Of course that growth is more than just Lodrane D as Treppel has said the company will “continue to build and leverage Elite’s technologies through our product pipeline, partnerships and ventures as we continue to systematically meet the milestones we have set for ourselves.”
That would include the development of ELI-216, an abuse resistant oxycodone product, and ELI-154, a once-a-day oxycodone product, both of which could generate substantial revenue for ELTP as a pain management therapy. ELTP has been in discussions to license its once daily oxycodone product, ELI-154, to a European marketing partner while scaling up the development of ELI-216. ELTP has retained the rights to these two products but has said “they expect to license these products at a later date to a third party who could provide funding for the remaining clinical studies, including a Phase III study, and who could provide sales and distribution for the product.”

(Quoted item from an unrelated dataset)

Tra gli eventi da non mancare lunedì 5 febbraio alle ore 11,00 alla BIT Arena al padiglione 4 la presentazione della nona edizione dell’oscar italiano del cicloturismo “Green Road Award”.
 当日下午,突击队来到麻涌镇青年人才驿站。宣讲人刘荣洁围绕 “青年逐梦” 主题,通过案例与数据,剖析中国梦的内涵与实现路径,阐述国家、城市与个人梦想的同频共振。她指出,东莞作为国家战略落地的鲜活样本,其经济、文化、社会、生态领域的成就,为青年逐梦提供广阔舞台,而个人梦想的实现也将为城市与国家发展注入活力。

Along with their own pipeline ELTP remains committed to their strategy of assisting partner companies in the life cycle management of products, to improve off-patent drug products, and develop generic versions of controlled release drug products with high barriers to entry. They already have already received FDA approval for one Abbreviated New Drug Application (ANDA) for phentermine HCl 37.5 mg tablets, the generic equivalent of the Adipex-P(R) 37.5 mg tablets, and with a licensing agreement and a manufacturing and supply agreement in place with Precision Dose, Inc., whose wholly owned subsidiary TAGI Pharma, Inc. will distribute the product ELTP has entered a market that generated about $40 million in sales in 2010.
ELTP has a pair of ANDAs in the process of a manufacturing site transfer, both of which are products they have partnered with TAGI Pharama on, and a fourth ANDA is currently under review by the FDA, also part of a TAGI Pharma partnership.

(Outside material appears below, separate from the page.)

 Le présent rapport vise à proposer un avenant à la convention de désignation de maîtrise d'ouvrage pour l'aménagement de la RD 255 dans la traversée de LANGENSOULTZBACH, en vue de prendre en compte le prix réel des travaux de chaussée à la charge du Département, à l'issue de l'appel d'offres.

It goes without saying that the loss of Lodrane 24 and Lodrane 24D will be reflected in ELTP’s income statement but the fact that they bounced back to put a product on the market in Lodrane D is a positive sign to shareholders. In addition, Hi-Tech Pharmacal has said they will remain determined to gain FDA approval for both of those products pulled from the market and if they are able to gain such an approval it would be a substantial revenue generator for ELTP.
When we covered ELTP back in March the company was spinning from the FDA decision and shares were trading around the 0.0595 and 0.0600 level. Despite the negative news we pointed to the positive approach that management was taking to restore the company’s standing and it has been that approach that has made their comeback possible and made ELTP an attractive prospect for investors.